Secondo ed ultimo film della Diana Production Company, la casa di produzione fondata dal regista con l'attrice Joan Bennett, fallita in seguito al flop commerciale di Dietro la porta chiusa, che nonostante gli esisti infausti al botteghino resta sempre un capolavoro di Lang.

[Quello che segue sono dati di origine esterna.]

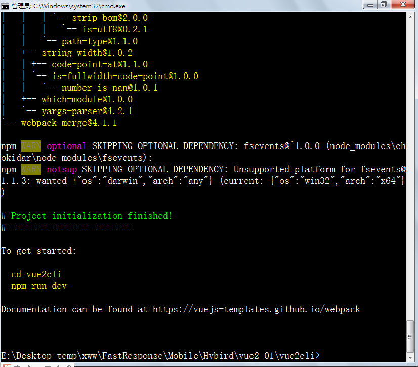 4)、安装项目依赖:npm install,因为自动构建过程中已存在package.json文件,所以这里直接安装依赖就行。不要从国内镜像cnpm安装(会导致后面缺了很多依赖库),但是但是如果真的安装“个把”小时也没成功那就用:cnpm install 吧

Forse oggi sembreranno superate le spiegazioni psicanalitiche delle pulsioni omicide di Mark, dominato da un desiderio frustrato per la madre e dalla presenza di troppe figure femminili nella sua vita; di certo resta il capolavoro tecnico dell'uso del bianco e nero: se per il protagonista l'architettura rappresenta una via di sfogo alla sua fantasia malata tanto da definire “camere felici” le stanze dove si svolgono gli omicidi usando felice nel significato secondario di “adatto allo scopo”, l'uso delle ombre nella pellicola supera le valenze espressioniste e disegna una nuova architettura degli ambienti, sottolineando i toni angoscianti del buio: ci sono addirittura due momenti in cui la pellicola va a nero e immagino che vedere la pellicola in sala con il buio che avvolge totalmente lo spettatore nei momenti più drammatici non sia solo un espediente emozionante ma rafforzi anche il senso d'immedesimazione con il punto di vista del protagonista già indicato dal grande uso di soggettive.
Solitamente è la vicenda o le fantasie di Celia con cui lo spettatore è portato ad immedesimarsi, ascoltando il flusso dei suoi pensieri grazie alla voce off, ma dopo la presunta morte della protagonista lo stesso procedimento è riservato a Mark e ai suoi sensi di colpa nella scena onirica del processo.